Centrale Raad van Beroep

Datum uitspraak
26 augustus 2015
Publicatiedatum
28 augustus 2015
Zaaknummer
14/4124 WW
Instantie
Centrale Raad van Beroep
Type
Uitspraak
Rechtsgebied
Bestuursrecht; Socialezekerheidsrecht
Procedures
  • Hoger beroep
Vindplaatsen
  • Rechtspraak.nl
AI samenvatting door LexboostAutomatisch gegenereerd

Verstrekking van dossierstukken door het Uwv aan overheidswerkgever in het kader van WW-uitkeringen

In deze zaak heeft de Centrale Raad van Beroep op 26 augustus 2015 uitspraak gedaan in hoger beroep over de verstrekking van dossierstukken door het Uitvoeringsinstituut werknemersverzekeringen (Uwv) aan appellante, een overheidswerkgever. Appellante had verzocht om alle dossierstukken met betrekking tot de WW-uitkering van een voormalige werknemer, met als doel haar re-integratietaak te kunnen uitvoeren. Het Uwv heeft echter alleen de besluiten over recht, hoogte en duur van de uitkering verstrekt en de overige stukken geweigerd, omdat deze niet noodzakelijk zouden zijn voor de re-integratietaak. Appellante heeft hiertegen bezwaar gemaakt en uiteindelijk beroep ingesteld, maar de rechtbank Gelderland heeft het beroep ongegrond verklaard.
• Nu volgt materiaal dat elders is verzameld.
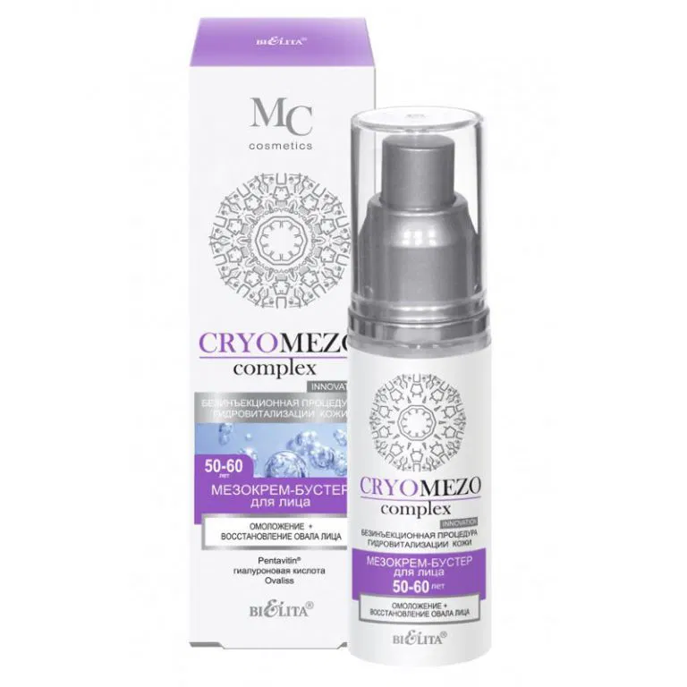 Мезокрем-бустер CRYOMEZO complex от «Белита» — это многокомпонентный продукт, содержащий как традиционные (растительные масла, витамины, гиалурон), так и более «современные» ингредиенты (пептиды, глауцин, полимерные загустители). Он ориентирован на следующие эффекты: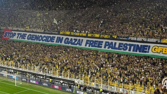 UEFA Şampiyonlar Ligi play-off turu ilk maçında temsilcimiz Fenerbahçe, Portekiz'in Benfica ekibini konuk etti. Sarı lacivertli tribünler, Filistin'e destek pankartı açtı.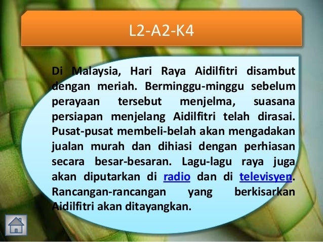 D5kkz4kp8zt1tm from image.slidesharecdn.com Simak ulasan tentang √ ucapan selamat hari raya idul fitri islami yang benar dan √ ucapan selamat lebaran bahasa indonesia berikut. Sudah menjadi kebiasaan bagi kita untuk mengerjakan hal tersebut, sehingga kadang tafsir ayat tentang takbiran. Dalam suasana id, para sahabat saling bertemu dengan mengucapkan doa taqobbalallahu minna. Gambar di bawah menunjukkan suasana di sebuah pasar raya. Bina lima ayat yang lengkap berdasarkan aktiviti yang terdapat di dalam. Baik itu hari raya idul fithri maupun hari raya idul adha. Bina ayat suasana di hari raya aidilfitri diagram quizlet. Jadi, sewaktu malam takbir dan hari raya kurban, saya sedang menghadiri acara silent meditation.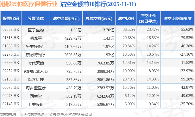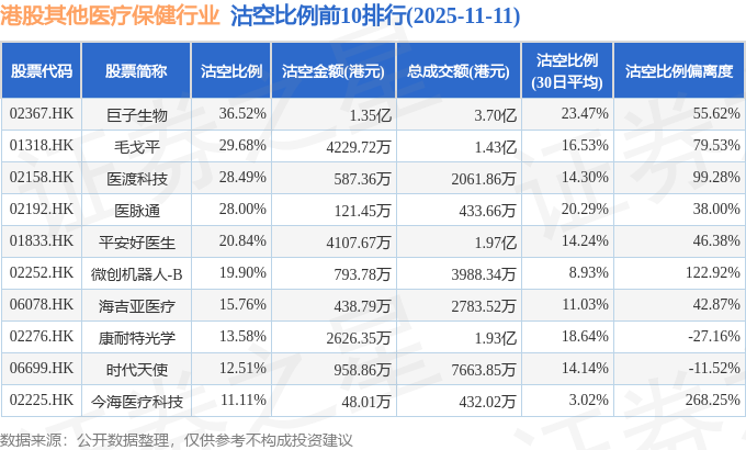 从沽空比例偏离度来看,今海医疗科技、美中嘉和、微创机器人-B沽空比例偏离度位居行业前三,分别为268.25%、139.71%、122.92%。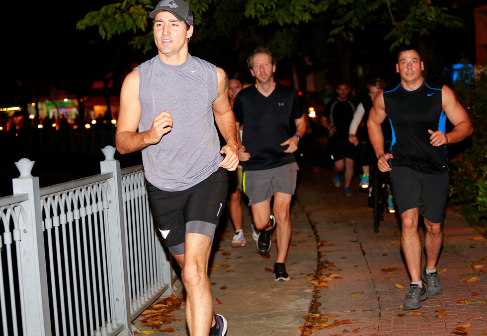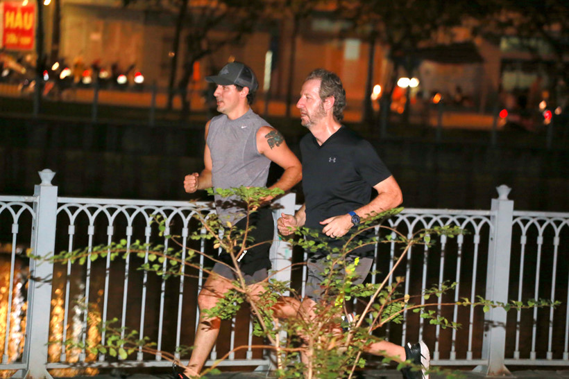 Tối cùng ngày, Thủ tướng Canada cùng các nhân viên chạy thể dục bên bờ kênh Nhiêu Lộc. Ảnh Thanh niên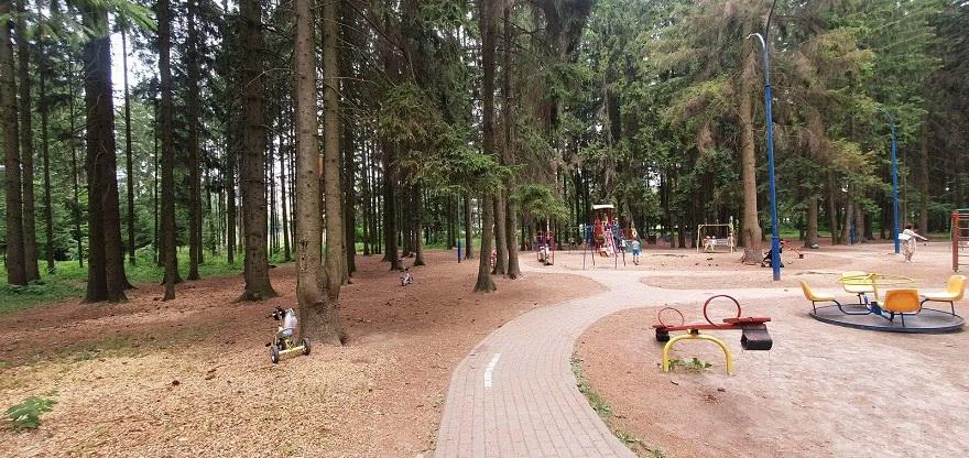 Это безымянный парк по улице Притыцкого, через дорогу от торгового центра Скала. Здесь нет обустроенных дорожек и скамеек, зато парк изрезан множеством тропинок. Там густая зелень и небанальный ландшафт.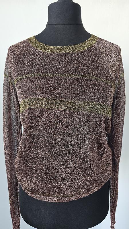 Новая кофта от Isabel Marant розовая с черным люрексовая, имеет декор в виде полоски золотистой, рукав реглан, прямого кроя, тянется состав: 65%купра 35% полиэстер замеры: объем груди 96см длина рукава75см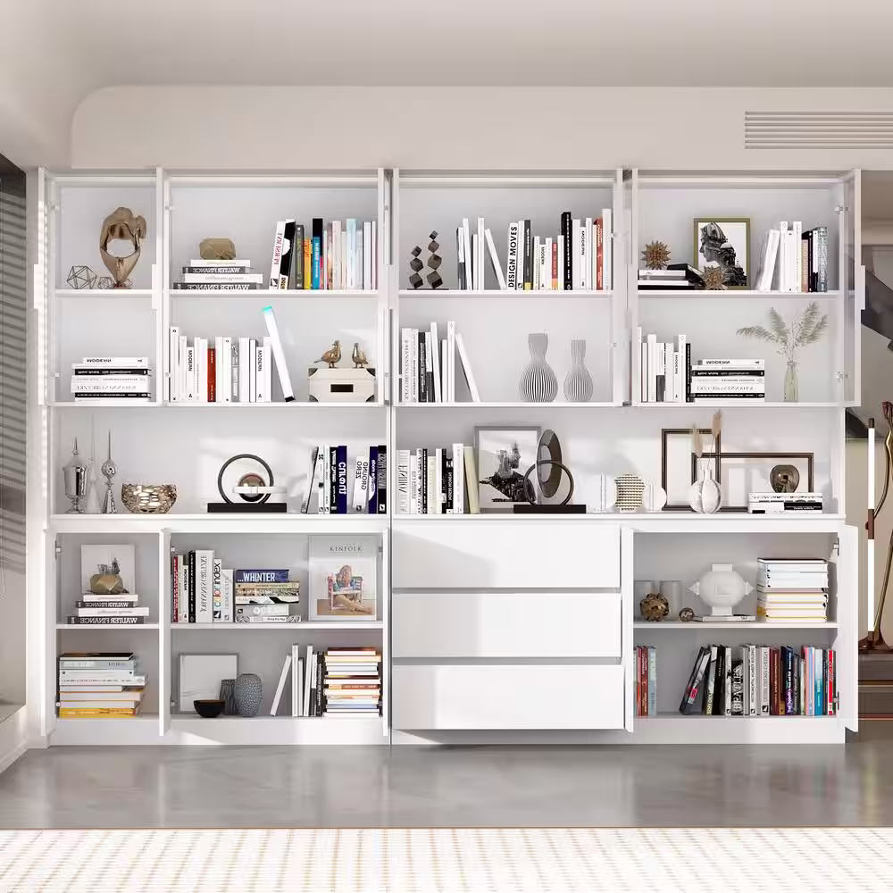SAUDER 75 in. White Plank Faux Wood 10-shelf Standard Bookcase with Cubes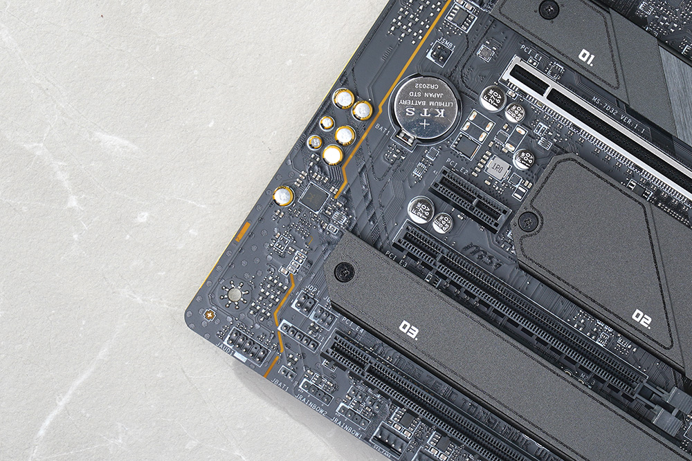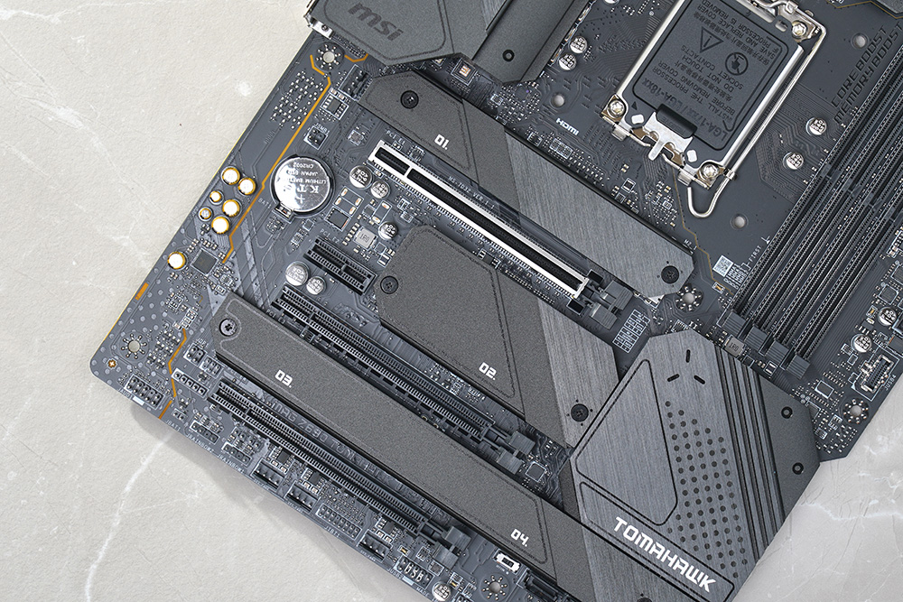 MSI Z690 토마호크 WIFI DDR4 메인보드에는 4개의 M.2 NVMe SSD를 장착할 수 있습니다. 참고로 1, 2, 4번은 PCIe 4.0 x4를 지원하고 3번만 PCIe 3.0 x4입니다. 그리고 그래픽카드를 장착할 수 있는 PCIe 슬롯에는 내구성을 높여주는 스틸아머가 적용되었습니다.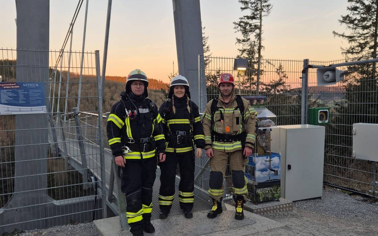Charity Lauf auf dem Skywalk in Willingen, 5 Feuerwehrleute wollen ihn 15 Mal überqueren.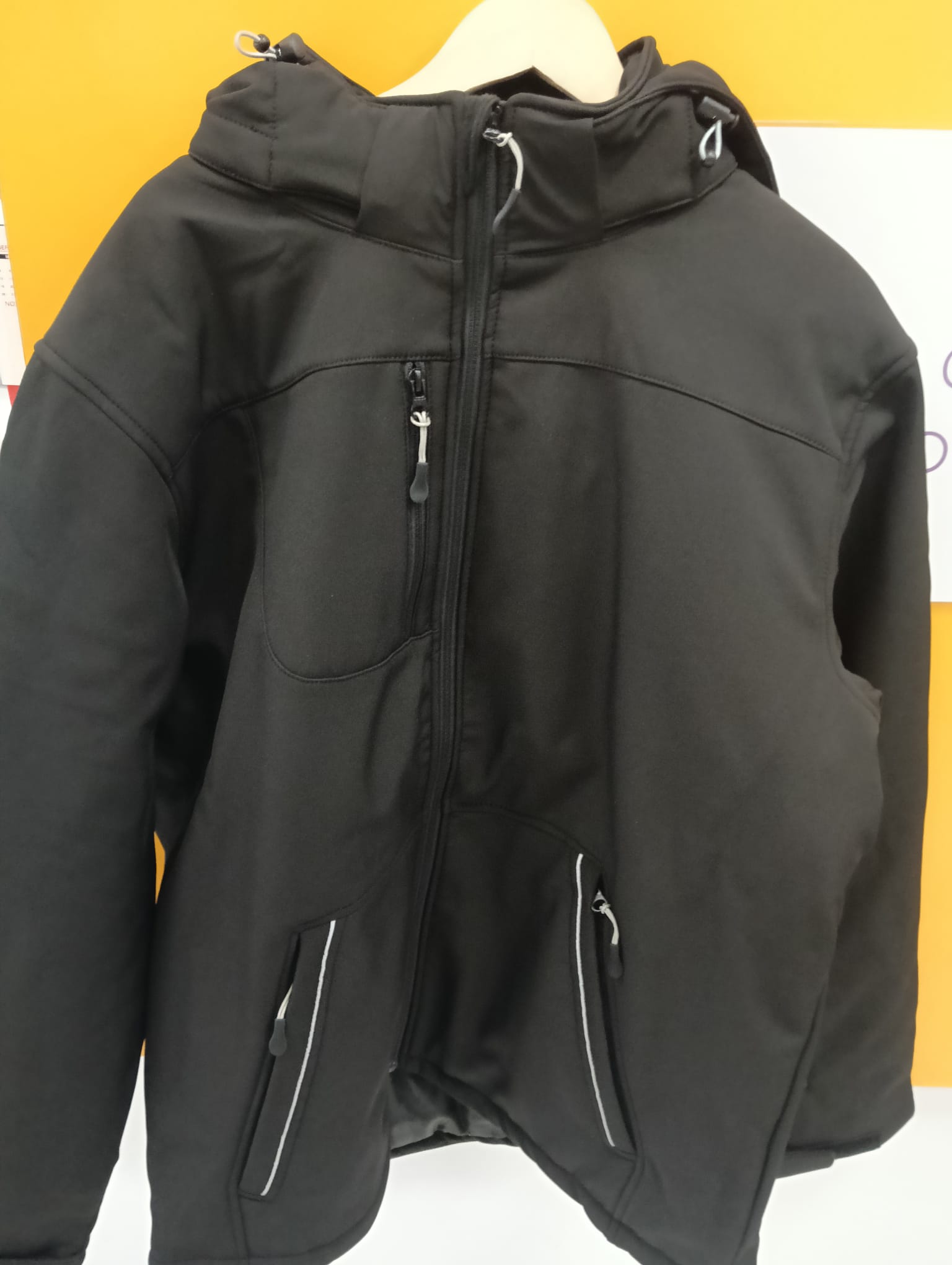 Chaqueta de trabajo Sols modelo Rock Men. Cierre de cremallera frontal. Bolsillos con cremallera. Capucha integrada.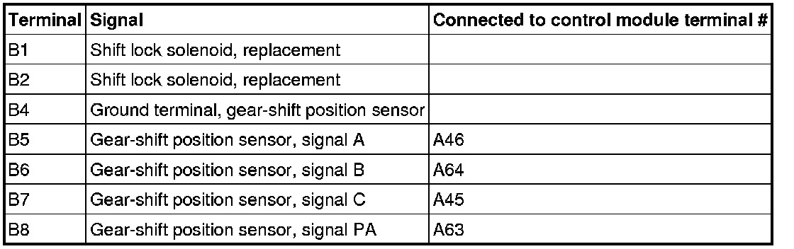 Connector B, transmission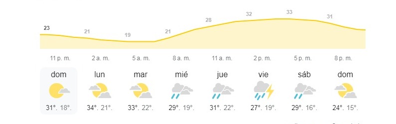 El lunes se mantendrán las mismas condiciones con aumento de los registros térmicos; por la tarde la máxima estará en 34 grados y habrá ráfagas de viento norte a la noche. El martes seguirá el calor con 33 grados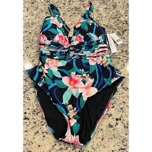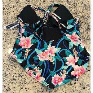 DESIGNER SUMMER SWIMWEAR — Destination paradise. The beautiful blooms set against a black background on this one-piece suit bring to mind a moonlit stroll along a sandy beach.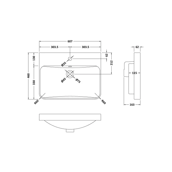 600 x 460 Curved Tap Holein-Edged Basin - 1 Tap Hole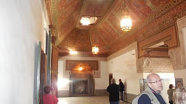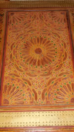 De vormen tezamen kennen wij in het woord arabesk. Vervolgens liepen we door allerlei gangen en over trappetjes het woongedeelte in, de harem. Harem betekent niets anders dan privé woongedeelte waar alleen het gezin komt en wat intimi. Het is een prachtige ruimte met een Italiaans marmeren fontein in het midden en een schitterend plafond van cederhout, versierd met bloemen. Je kunt je de woonkamer voorstellen met prachtige tapijten, zitkussens en ander meubilair. Om de woonkamer heen zijn de slaapkamers en de werkkamer van de koning gesitueerd.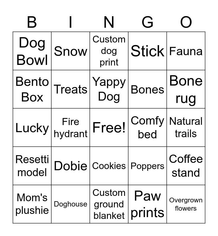 This bingo card has a free space and 24 words: Dobie, Doghouse, Yappy Dog, Mom's plushie, Fauna, Dog Bowl, Bento Box, Snow, Comfy bed, Cookies, Bones, Lucky, Poppers, Coffee stand, Treats, Paw prints, Natural trails, Custom dog print, Bone rug, Fire hydrant, Overgrown flowers, Resetti model, Stick and Custom ground blanket.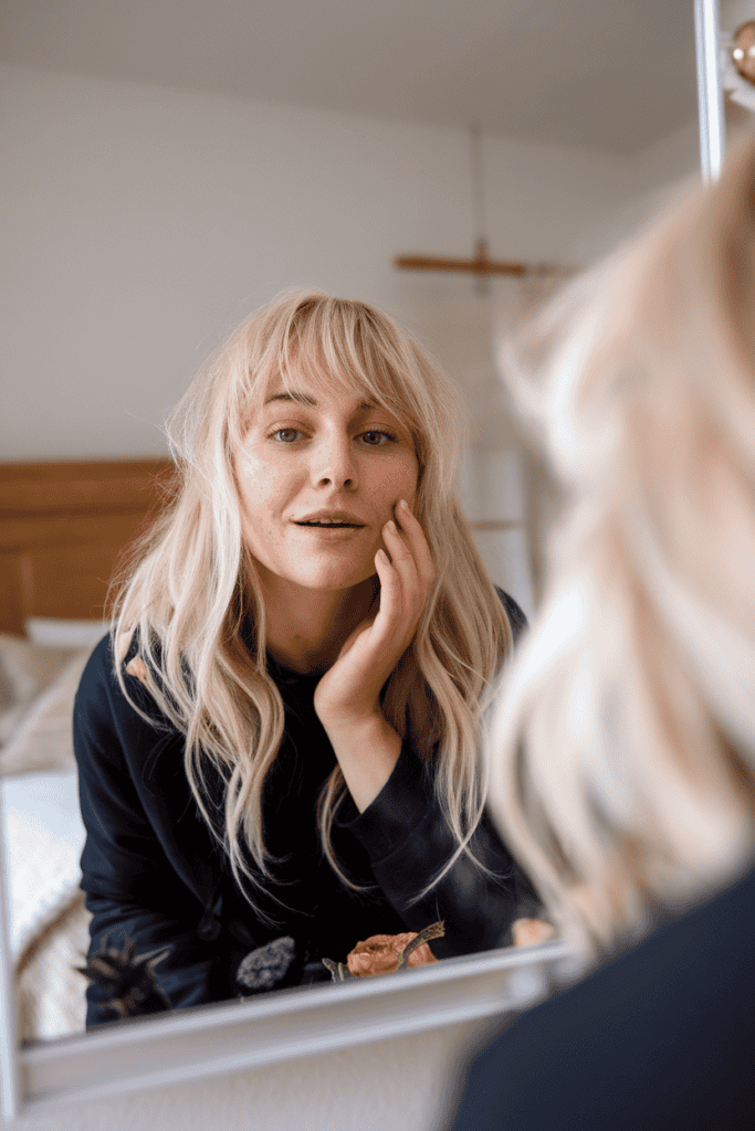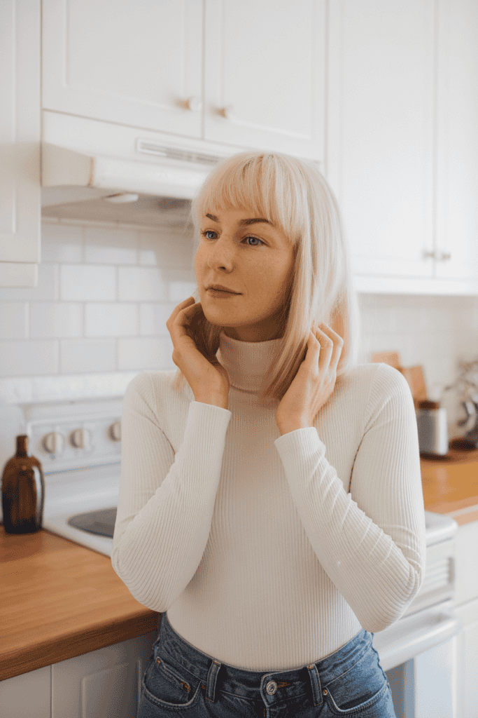 A woman with long messy hair standing in a casual indoor setting, wearing a simple sweater and looking relaxed and natural.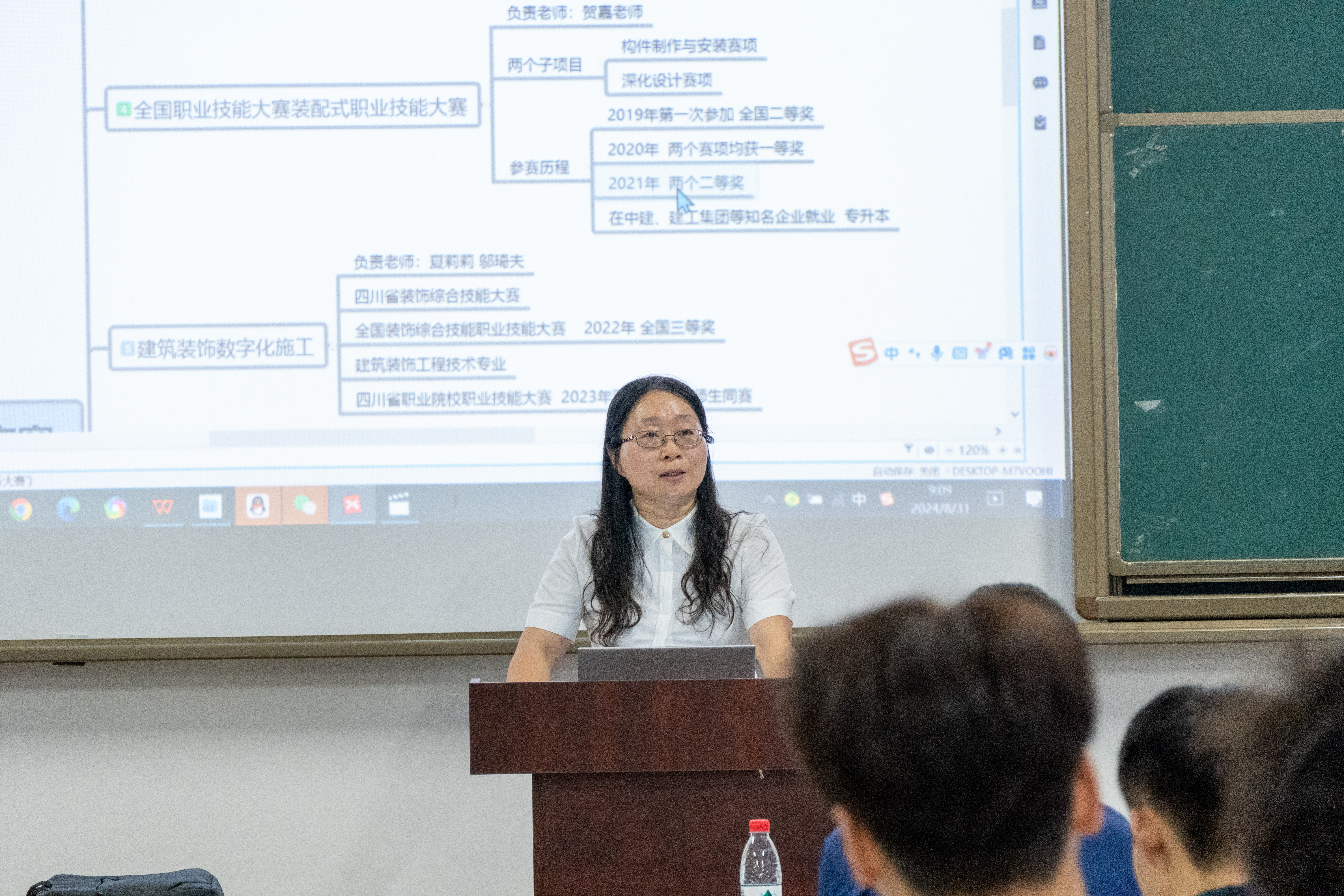 冀晓霞首先发表讲话,对同学们的到来表示衷心祝贺,同时围绕学校、学院发展历史向大家诠释了航空报国情怀、大国工匠精神。随后她介绍了建筑工程技术专业和相关师资情况,并围绕专业人才培养计划,要求大家做好学业规划和职业生涯规划。另外,冀晓霞就学院专业社团和技能竞赛相关赛项进行介绍,她指出建筑行业的发展离不开“双碳”和“AI”,希望大家在日常学习生活中,培养创新创业能力,面向国家重大战略需求、面向民生经济主战场,扎实知识基础,为国家发展贡献自己的力量。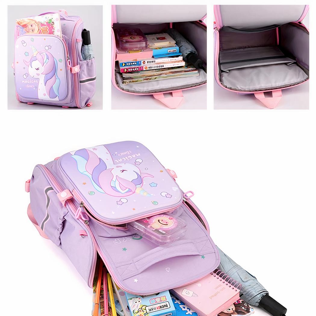 Esta mochila impermeable de unicornio rosa para niñas es perfecta para llevar a su hija al colegio. Está fabricada con materiales duraderos y resistentes al agua, lo que la hace práctica para los días de lluvia. La resistente cremallera permite acceder fácilmente a los objetos de su interior.

In hoger beroep heeft appellante betoogd dat zij het volledige dossier nodig heeft om de re-integratie van de werknemer te bevorderen. Het Uwv heeft zich op het standpunt gesteld dat er geen specifieke motivering is gegeven voor de noodzaak van de gevraagde gegevens. De Raad heeft geoordeeld dat het Uwv verplicht is om alle besluiten over het recht, het geldend maken van het recht, de hoogte of de duur van werkloosheidsuitkeringen aan appellante bekend te maken, maar dat de weigering om andere dossierstukken te verstrekken terecht was. De Raad heeft de uitspraak van de rechtbank bevestigd en geen proceskostenvergoeding toegekend aan appellante, omdat zij de benodigde besluiten al had ontvangen op het moment van het instellen van beroep en hoger beroep.

Uitspraak

14/4124 WW
Datum uitspraak: 26 augustus 2015
Centrale Raad van Beroep
Meervoudige kamer
Uitspraak op het hoger beroep tegen de uitspraak van de rechtbank Gelderland van 10 juli 2014, 13/5929 (aangevallen uitspraak)
Partijen:
[appellante] te [plaats] (appellante)
de Raad van bestuur van het Uitvoeringsinstituut werknemersverzekeringen (Uwv)
[werkneemster] te [woonplaats] (werkneemster)
PROCESVERLOOP
Namens appellante heeft A.E. Leenstra hoger beroep ingesteld.
Werkneemster heeft zich gesteld als derde-belanghebbende.
Het Uwv heeft een verweerschrift ingediend.
Appellante heeft vragen van de Raad beantwoord, waarop het Uwv heeft gereageerd.
Partijen hebben toestemming gegeven een onderzoek ter zitting achterwege te laten, waarna het onderzoek is gesloten.

OVERWEGINGEN

1.1.
Appellante is overheidswerkgever als bedoeld in artikel 1, onder i, van de Werkloosheidswet (WW) en daarmee belanghebbende bij besluiten over WW-uitkeringen van haar voormalige werknemers. Het Uwv heeft appellante uit dien hoofde een kopie toegezonden van zijn besluit werkneemster in aanmerking te brengen voor een voorschot op een WW-uitkering met ingang van 1 augustus 2012.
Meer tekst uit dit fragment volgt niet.